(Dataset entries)
[Start of Attachment]

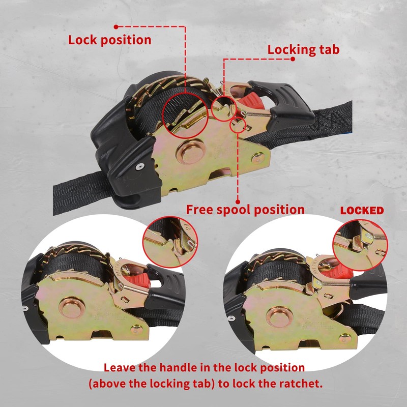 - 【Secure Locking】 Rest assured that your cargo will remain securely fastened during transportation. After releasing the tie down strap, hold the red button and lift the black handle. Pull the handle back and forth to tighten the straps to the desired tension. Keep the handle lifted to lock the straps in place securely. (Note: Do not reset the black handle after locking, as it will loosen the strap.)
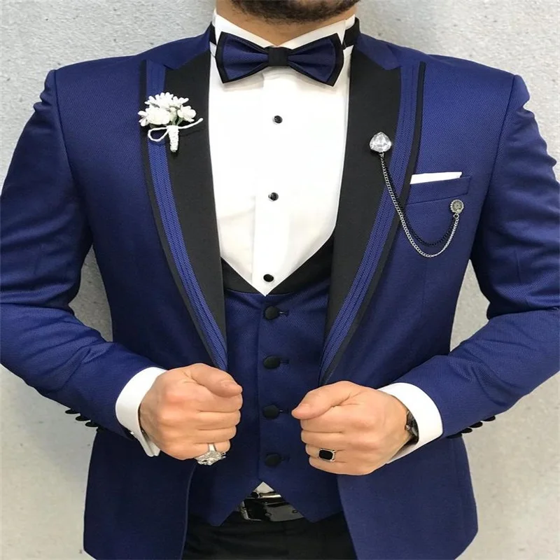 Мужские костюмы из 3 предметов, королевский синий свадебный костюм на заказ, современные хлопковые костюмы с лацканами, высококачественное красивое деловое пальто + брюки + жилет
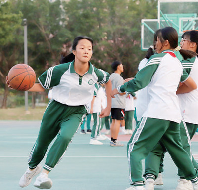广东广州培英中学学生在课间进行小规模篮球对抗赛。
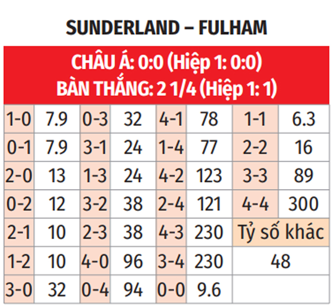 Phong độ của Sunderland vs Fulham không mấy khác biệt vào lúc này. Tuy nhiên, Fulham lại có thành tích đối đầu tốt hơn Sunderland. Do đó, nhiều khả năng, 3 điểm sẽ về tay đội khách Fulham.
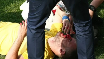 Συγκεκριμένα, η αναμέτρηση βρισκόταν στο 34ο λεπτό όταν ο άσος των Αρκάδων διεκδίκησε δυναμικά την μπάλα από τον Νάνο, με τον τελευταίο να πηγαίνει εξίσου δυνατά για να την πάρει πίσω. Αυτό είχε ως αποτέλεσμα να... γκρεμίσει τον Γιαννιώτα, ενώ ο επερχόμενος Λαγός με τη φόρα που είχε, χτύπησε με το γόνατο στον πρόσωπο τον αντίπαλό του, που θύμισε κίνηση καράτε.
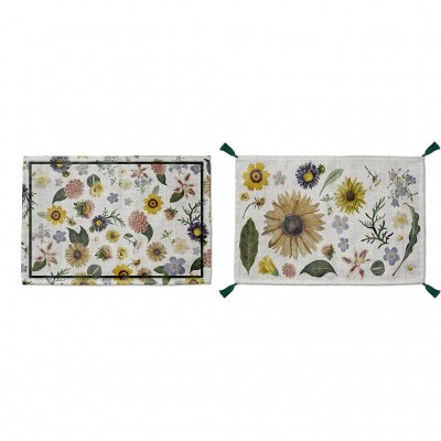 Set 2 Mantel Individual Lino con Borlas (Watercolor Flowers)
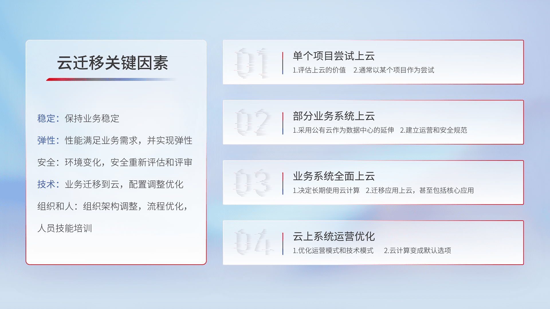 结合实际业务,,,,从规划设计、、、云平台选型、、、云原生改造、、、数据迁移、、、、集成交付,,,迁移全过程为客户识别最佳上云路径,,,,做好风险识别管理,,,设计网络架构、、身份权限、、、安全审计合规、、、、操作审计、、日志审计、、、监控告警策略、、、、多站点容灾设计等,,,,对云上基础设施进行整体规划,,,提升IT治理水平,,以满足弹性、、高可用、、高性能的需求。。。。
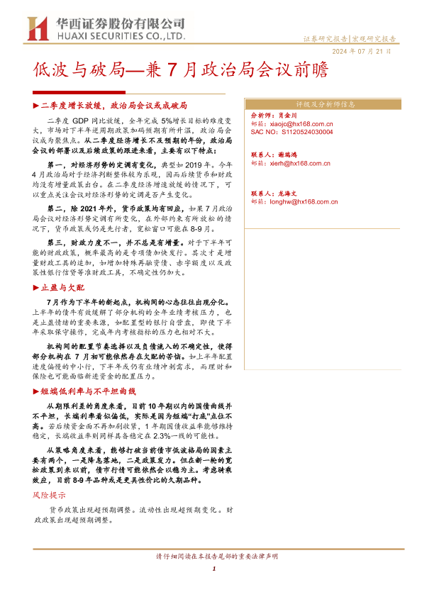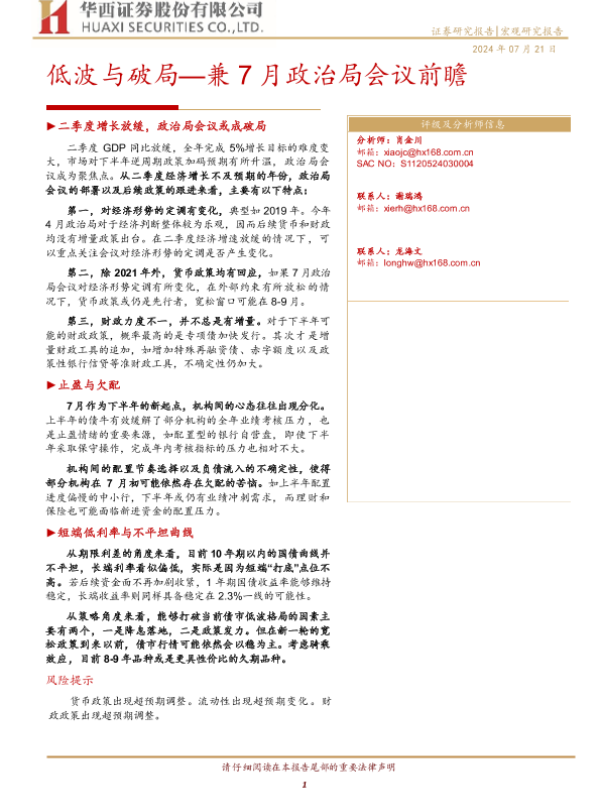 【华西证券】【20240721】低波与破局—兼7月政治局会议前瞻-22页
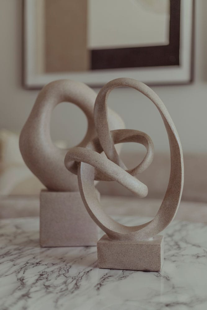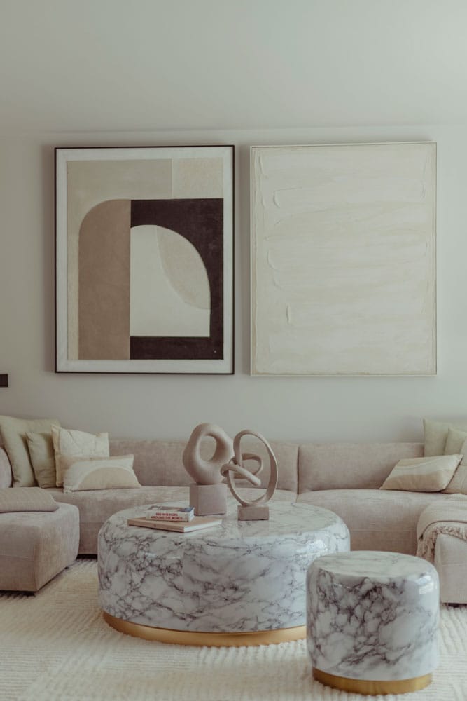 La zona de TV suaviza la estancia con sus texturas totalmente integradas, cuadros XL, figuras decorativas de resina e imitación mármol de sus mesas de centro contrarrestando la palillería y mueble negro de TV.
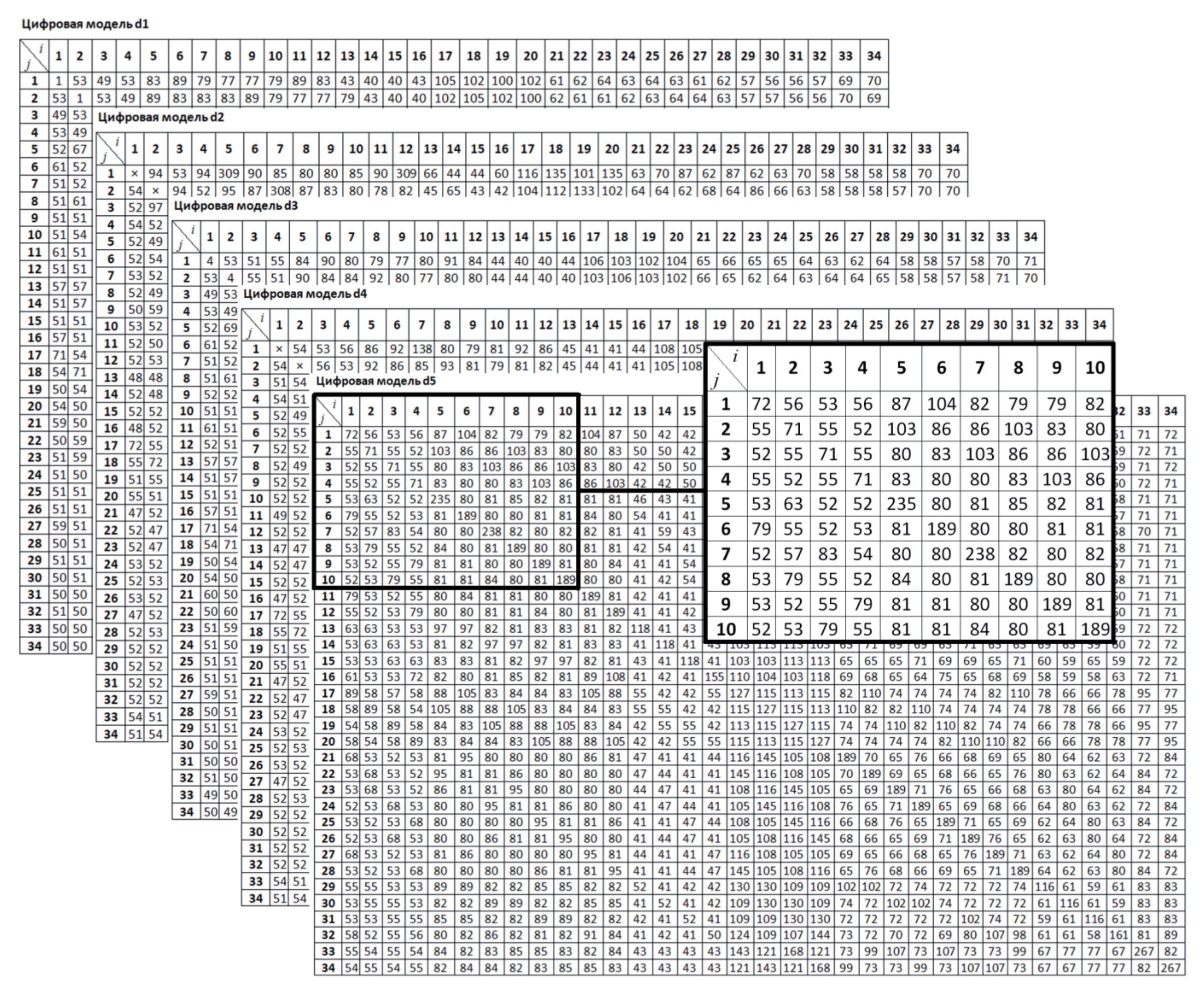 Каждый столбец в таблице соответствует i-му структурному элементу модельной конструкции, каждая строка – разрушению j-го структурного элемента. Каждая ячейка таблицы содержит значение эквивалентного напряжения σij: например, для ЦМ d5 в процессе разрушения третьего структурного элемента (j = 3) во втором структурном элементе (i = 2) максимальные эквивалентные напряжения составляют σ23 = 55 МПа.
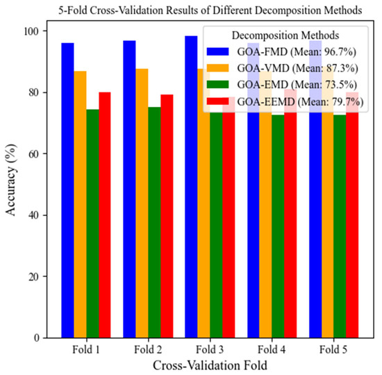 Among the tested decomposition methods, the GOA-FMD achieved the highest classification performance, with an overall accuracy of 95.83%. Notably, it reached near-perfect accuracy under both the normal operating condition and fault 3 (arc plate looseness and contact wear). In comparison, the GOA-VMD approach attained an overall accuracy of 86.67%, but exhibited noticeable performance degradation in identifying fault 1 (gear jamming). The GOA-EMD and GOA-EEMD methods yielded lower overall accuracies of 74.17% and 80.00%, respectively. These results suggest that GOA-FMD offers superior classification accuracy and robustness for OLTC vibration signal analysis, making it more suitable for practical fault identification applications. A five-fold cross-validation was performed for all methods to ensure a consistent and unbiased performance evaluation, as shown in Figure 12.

[End of Attachment]

-- What you will do --
Can you repeat every record above exactly, apart from the pictures?

-- Solved problem --
 - 【Secure Locking】 Rest assured that your cargo will remain securely fastened during transportation. After releasing the tie down strap, hold the red button and lift the black handle. Pull the handle back and forth to tighten the straps to the desired tension. Keep the handle lifted to lock the straps in place securely. (Note: Do not reset the black handle after locking, as it will loosen the strap.)
 Мужские костюмы из 3 предметов, королевский синий свадебный костюм на заказ, современные хлопковые костюмы с лацканами, высококачественное красивое деловое пальто + брюки + жилет
广东广州培英中学学生在课间进行小规模篮球对抗赛。
 Phong độ của Sunderland vs Fulham không mấy khác biệt vào lúc này. Tuy nhiên, Fulham lại có thành tích đối đầu tốt hơn Sunderland. Do đó, nhiều khả năng, 3 điểm sẽ về tay đội khách Fulham.
 Συγκεκριμένα, η αναμέτρηση βρισκόταν στο 34ο λεπτό όταν ο άσος των Αρκάδων διεκδίκησε δυναμικά την μπάλα από τον Νάνο, με τον τελευταίο να πηγαίνει εξίσου δυνατά για να την πάρει πίσω. Αυτό είχε ως αποτέλεσμα να... γκρεμίσει τον Γιαννιώτα, ενώ ο επερχόμενος Λαγός με τη φόρα που είχε, χτύπησε με το γόνατο στον πρόσωπο τον αντίπαλό του, που θύμισε κίνηση καράτε.
 Set 2 Mantel Individual Lino con Borlas (Watercolor Flowers)
 结合实际业务,,,,从规划设计、、、云平台选型、、、云原生改造、、、数据迁移、、、、集成交付,,,迁移全过程为客户识别最佳上云路径,,,,做好风险识别管理,,,设计网络架构、、身份权限、、、安全审计合规、、、、操作审计、、日志审计、、、监控告警策略、、、、多站点容灾设计等,,,,对云上基础设施进行整体规划,,,提升IT治理水平,,以满足弹性、、高可用、、高性能的需求。。。。
 【华西证券】【20240721】低波与破局—兼7月政治局会议前瞻-22页
 La zona de TV suaviza la estancia con sus texturas totalmente integradas, cuadros XL, figuras decorativas de resina e imitación mármol de sus mesas de centro contrarrestando la palillería y mueble negro de TV.
 Каждый столбец в таблице соответствует i-му структурному элементу модельной конструкции, каждая строка – разрушению j-го структурного элемента. Каждая ячейка таблицы содержит значение эквивалентного напряжения σij: например, для ЦМ d5 в процессе разрушения третьего структурного элемента (j = 3) во втором структурном элементе (i = 2) максимальные эквивалентные напряжения составляют σ23 = 55 МПа.
 Among the tested decomposition methods, the GOA-FMD achieved the highest classification performance, with an overall accuracy of 95.83%. Notably, it reached near-perfect accuracy under both the normal operating condition and fault 3 (arc plate looseness and contact wear). In comparison, the GOA-VMD approach attained an overall accuracy of 86.67%, but exhibited noticeable performance degradation in identifying fault 1 (gear jamming). The GOA-EMD and GOA-EEMD methods yielded lower overall accuracies of 74.17% and 80.00%, respectively. These results suggest that GOA-FMD offers superior classification accuracy and robustness for OLTC vibration signal analysis, making it more suitable for practical fault identification applications. A five-fold cross-validation was performed for all methods to ensure a consistent and unbiased performance evaluation, as shown in Figure 12.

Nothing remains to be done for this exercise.